A solid understanding of square numbers is required for children in Key Stage 2 (KS2) to progress and go on to grasp parts of algebra in Key Stage 3 (KS3).

It is important for children in KS2 to understand how to calculate square numbers and to demonstrate how they arrived at their answer.

Therefore, this blog post is a complete and detailed guide helping children to understand square numbers. We will go through what square numbers are, how to work them out, how they differ from cube numbers, and some practice questions.

## What Is a Square Number?

A square number is a number that is multiplied by itself. For example, let’s take the number 3.

When 3 is multiplied by 3 it equals 9, therefore: 9 = 3 lots of 3.

Instead of writing out 3 x 3 = 9 every time, there is a mathematical formula we can use instead.

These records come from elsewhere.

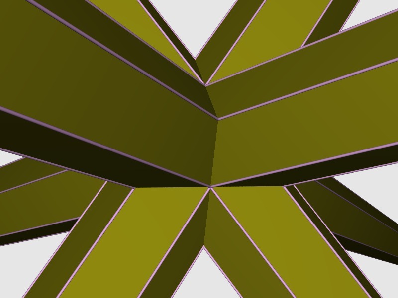 Description : Make the dual of a polyhedron with faces going through the reciprocation centre. The face becomes an ideal vertex 'at infinity'. The default display shows that the vertex can lie either side of the original face by connecting to it in both directions. This is simulated with two vertices and the model is not a topological dual, it is for display purposes only. It is not possible to place vertices at infinity, so a distance is used that helps with display. This distance can be overriden with option -I. The example shows the dual of an octahemioctahedron, with the 'infinity' distance set to 100000, which helps draw the ray-traced image correctly but is not needed for display with antiview.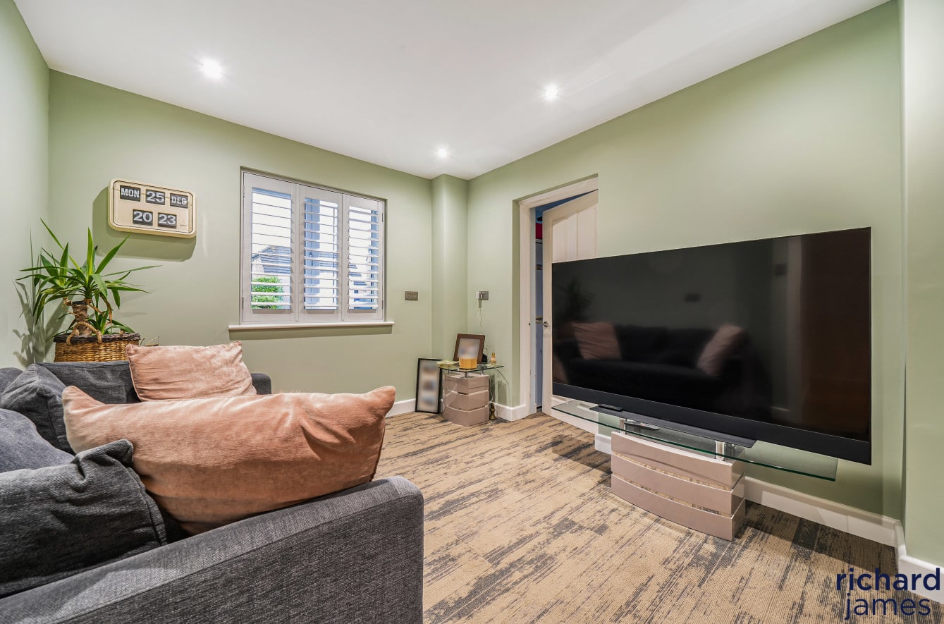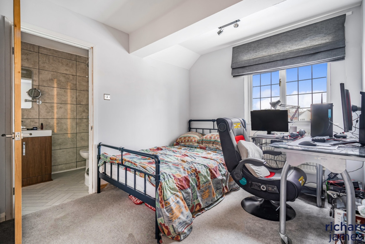 The property also features a beautifully landscaped garden with a patio area, ideal for enjoying al fresco dining on warm summer evenings. Upstairs, the master bedroom comes complete with an en-suite bathroom and built-in wardrobes, while the three additional bedrooms offer ample space for a growing family or visiting guests. One of these bedrooms also has an ensuite shower room and bedroom two has its own door to the main family shower room. Both of these have been re-fitted by the current owners. With a double garage and private driveway providing secure parking and easy access to local amenities.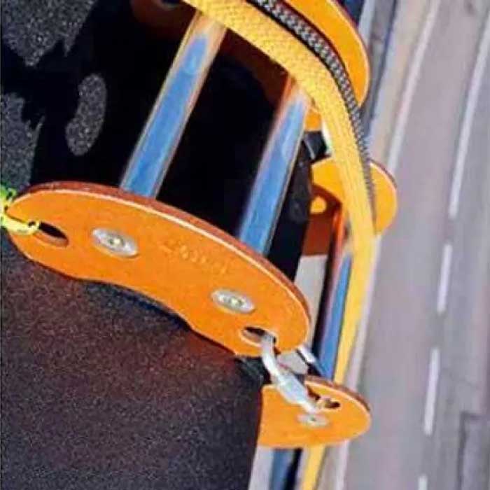Singing Rock Edge Roller Kantenschutz aus drei orange silbernen Aluminium Elementen.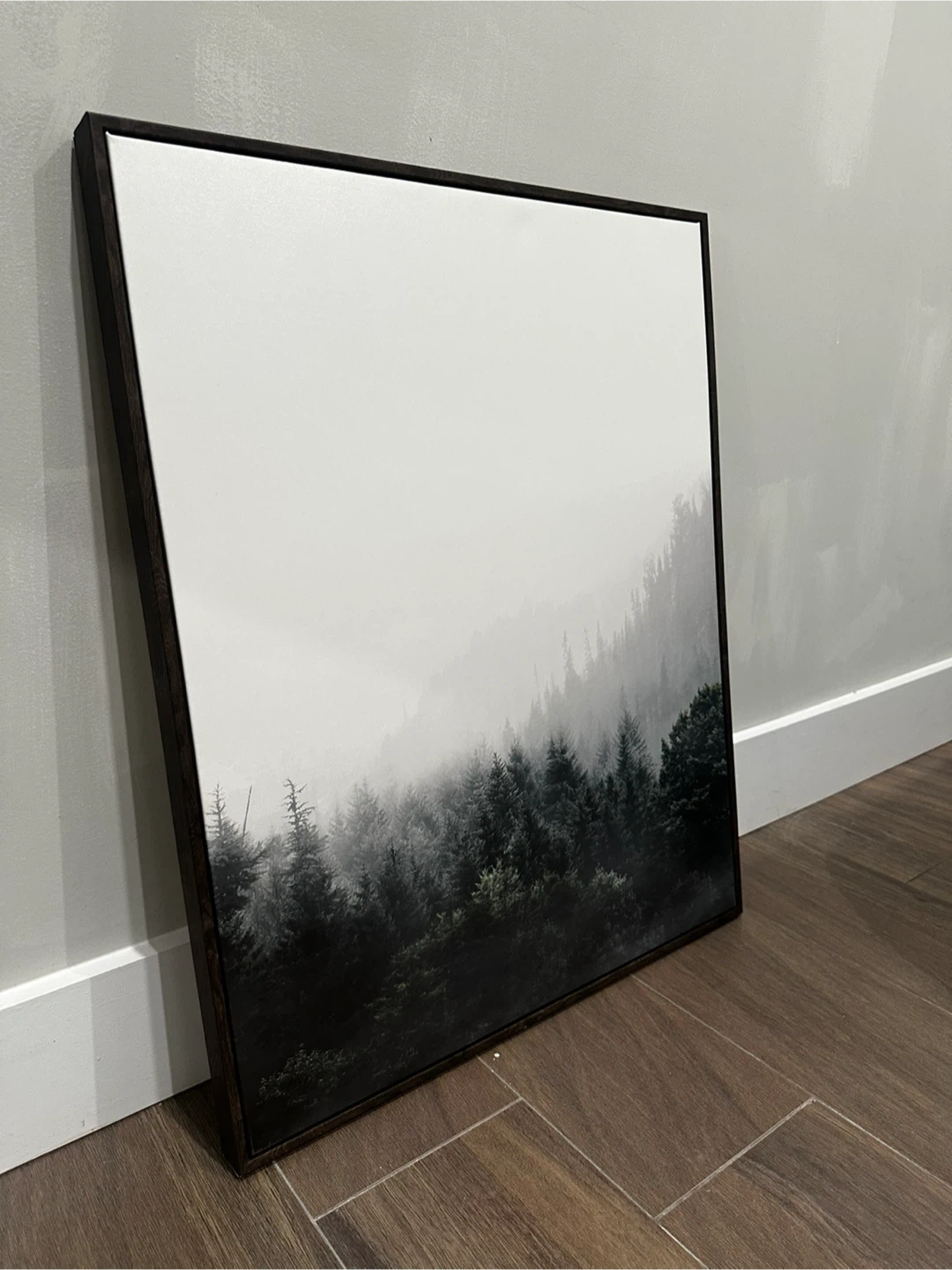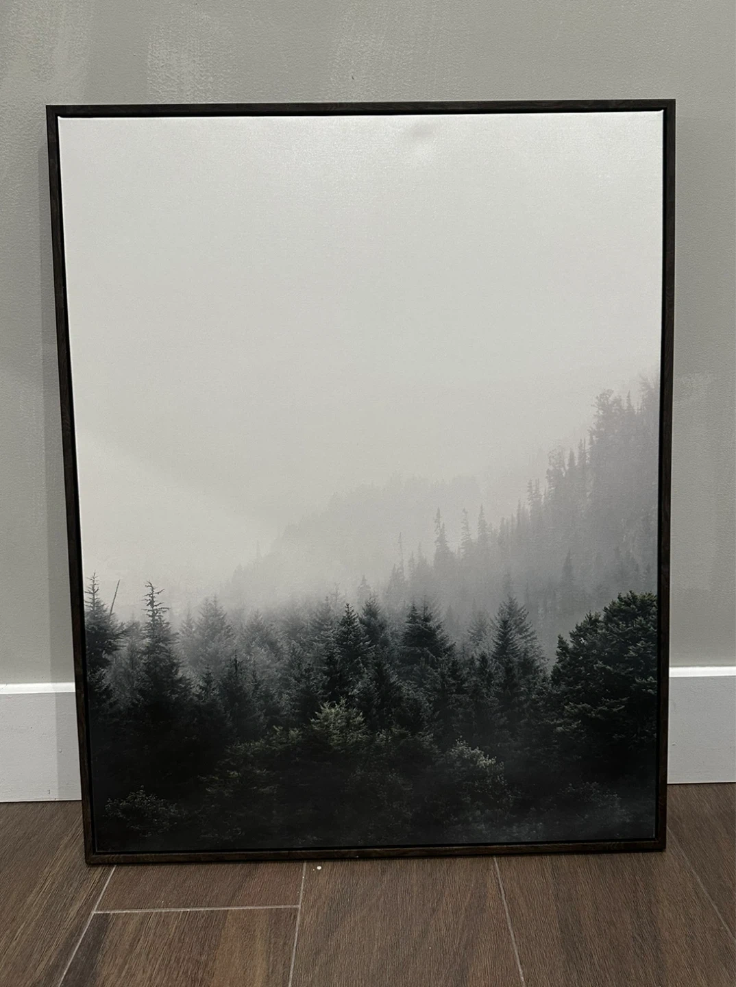 Selling a framed print featuring a misty forest scene. Dimensions approximately 24 inches x 30 inches. It's in great condition and would look lovely in any room!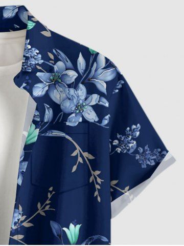 Plus Size Flower Leaf Branch Print Hawaii Button Pocket Shirt For Men - Deep Blue - M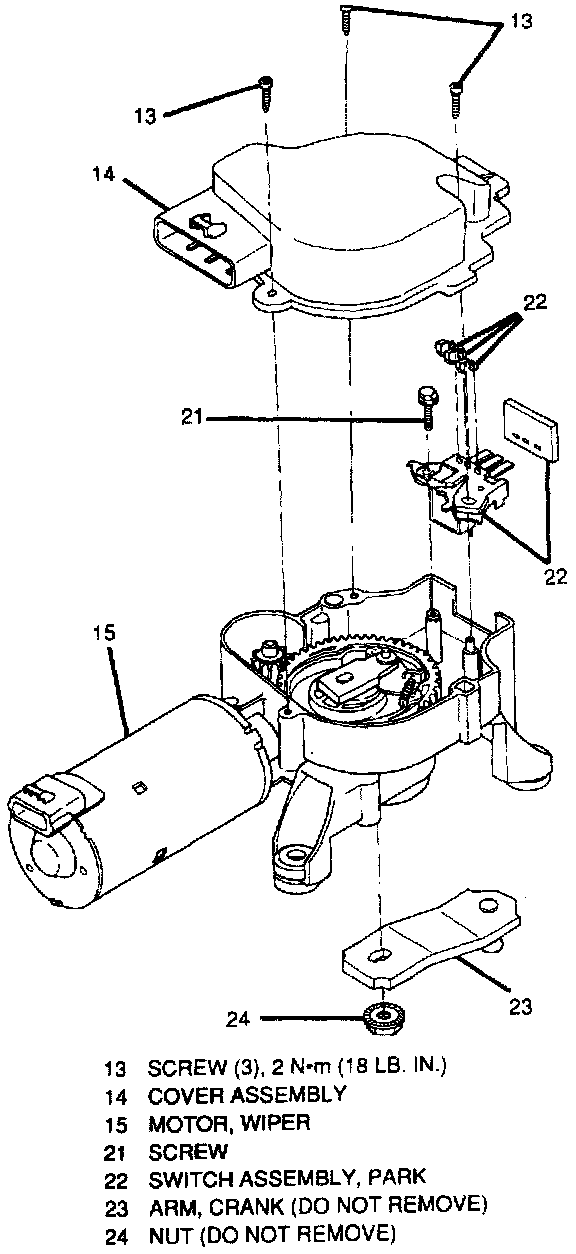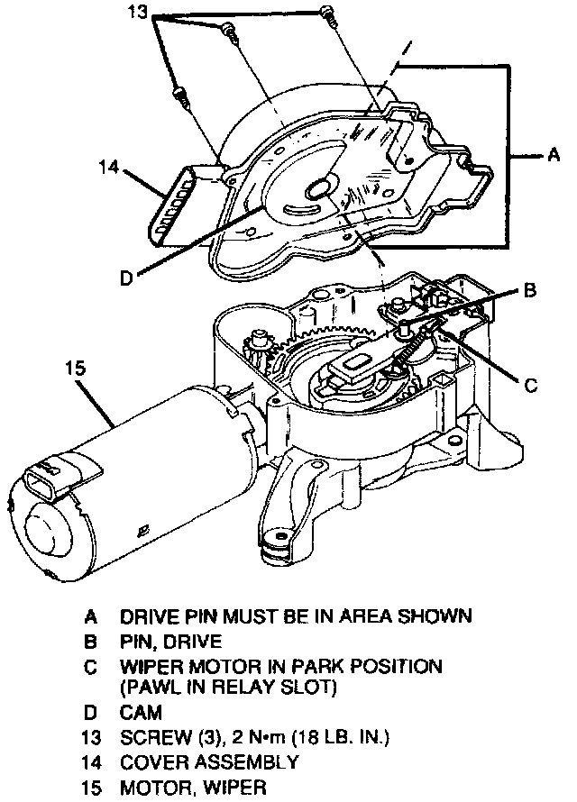 3. Wiper motor cover assembly (14). Follow "Wiper Motor Cover Assembly Replacement" procedure carefully.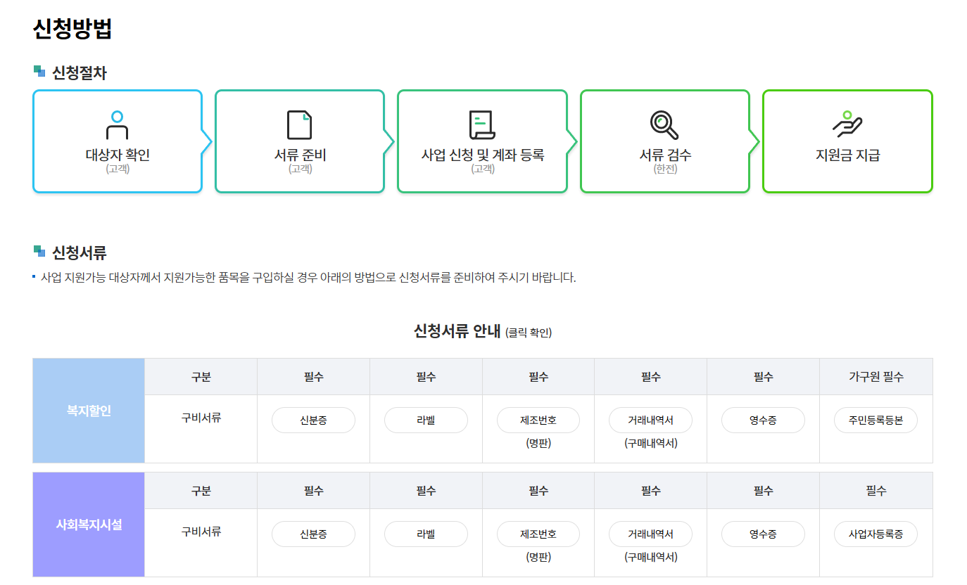 | 기타 안내 | 구역전기사업자로부터 전기를 공급받는 세대는 해당 지역 전기사업자를 통해 신청해야 함 |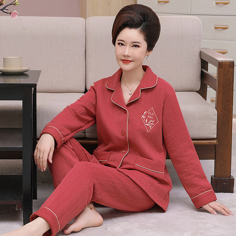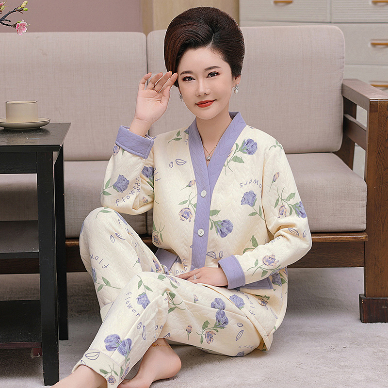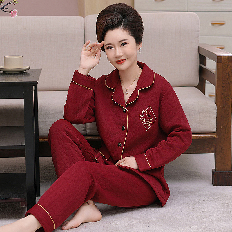 어머니 잠옷 여자의 가을과 겨울 중년 및 노인 공기 면 두꺼운 플러스 사이즈 얇은 면 외부 웨어러블 여자의 샌드위치 세트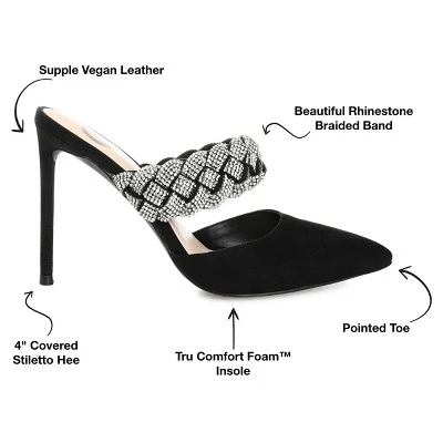 In the Hazzl heels by Journee Collection, your certain to be the belle of the ball. The soft vegan leather and 4 mm Tru Comfort Foam™ insole on this pointed-toe heel will keep you on your feet no matter how late the party goes. A braided band with rhinestone details crowns the design for a glam finish. At Journee Collection, our pump styles will let you go from a fun night out with the girls to kicking back and relaxing at the end of the night without any trouble.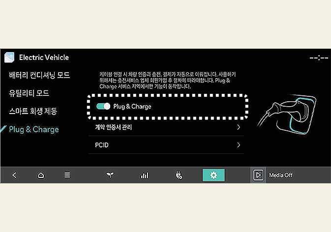전체 메뉴 화면에서 를 선택한 후 Plug & Charge를 눌러 기능을 켜십시오.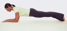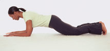 2. در این حالت زانوهای خود را از زمین بلند کنید طوری که تمام فشار وزن بدن روی ساعد ها و کف با باشد ، سعی کنید بدن خود را در یک خط مستقیم از نوک پا تا نوک سر در یک خط مستقیم ، بدون شکستگی ، قراردهید . در این حالت نباید نفس خود را حبس کنید ، بلکه بطور معمول نفس بکشید و به مدت ده ثانیه خود را در این حالت نگه دارید. سپس برای استراحت تنها زانو ها - اگر در ابتدا احساس ضعف کردید میتوانید شکم خود را نیز - روی زمین بگذارید.
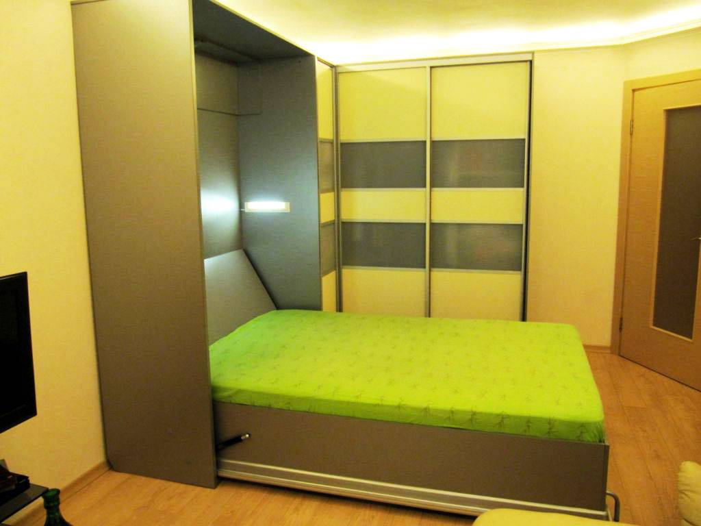 Встроенная кровать-шкаф в интерьере маленькой комнаты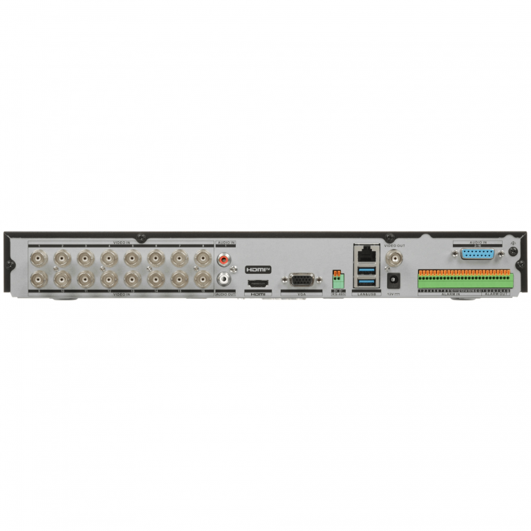 16‑канальный гибридный HD‑TVI‑регистратор с поддержкой распознавания лиц и технологией AoC (аудио по коаксиальному кабелю). Совместим с аналоговыми камерами, а также с HD‑TVI, AHD и CVI‑камерами. Дополнительно поддерживает подключение IP‑камер.

For this formula, you write a smaller two, which is called the Index Number next to your original number which looks something like this:

**3 ²**

This is then no longer just the number 3, we now call this 3 to the power of 2, which means the same as:

- 3 squared
- 3 times 3
- 3 x 3

All of these sums including 3 ², equal 9 as they all consist of 3 lots of 3.

An even simpler way to look at this and understand square numbers, is to use the letter ‘C’ instead of a number. It doesn’t matter what ‘C’ is equivalent to, this is just to get you into the habit of using the correct formula.

If we take the formula above, C² is ‘C to the power of 2’ which is most commonly known as C squared. This is the rule for all positive square numbers, but doesn’t include negative numbers. We will get onto these later in the post.

This rule applies to any positive number, because any number can be raised to any power; for example 3 to the power of 5 (3 ⁵). Today, however, we will stay focused on the square numbers.

## Why are They Called Square Numbers?

There is a simple explanation as to why square numbers are called square numbers, which may not be clear at first.

Put simply, square numbers form the area of a square. Therefore calculating this area is simple, as you can multiply one side of a square by itself to get the area, as all squares must have equal sides.

To give an example, if we have a square with a side length of 3cm, all sides of this square must be 3cm. As a result, we can use our formula from earlier in the post:

**3cm x 3cm = 3cm ² = the area of your square**

Children will ask why the square number formula works this way, and the best way to demonstrate this is by drawing squares on squared paper.

It will be useful to use the diagram below as an example when explaining why square numbers have their name.

How to Work out Square Numbers

When working out square numbers, the rule is to always multiply this number by itself as shown in the example earlier:

**3 x 3 = 9**

Or

**3 ² = 9**

The best way to become more familiar with square numbers is to use a multiplication grid as this contains all 12 times tables, including the square numbers diagonally down the centre.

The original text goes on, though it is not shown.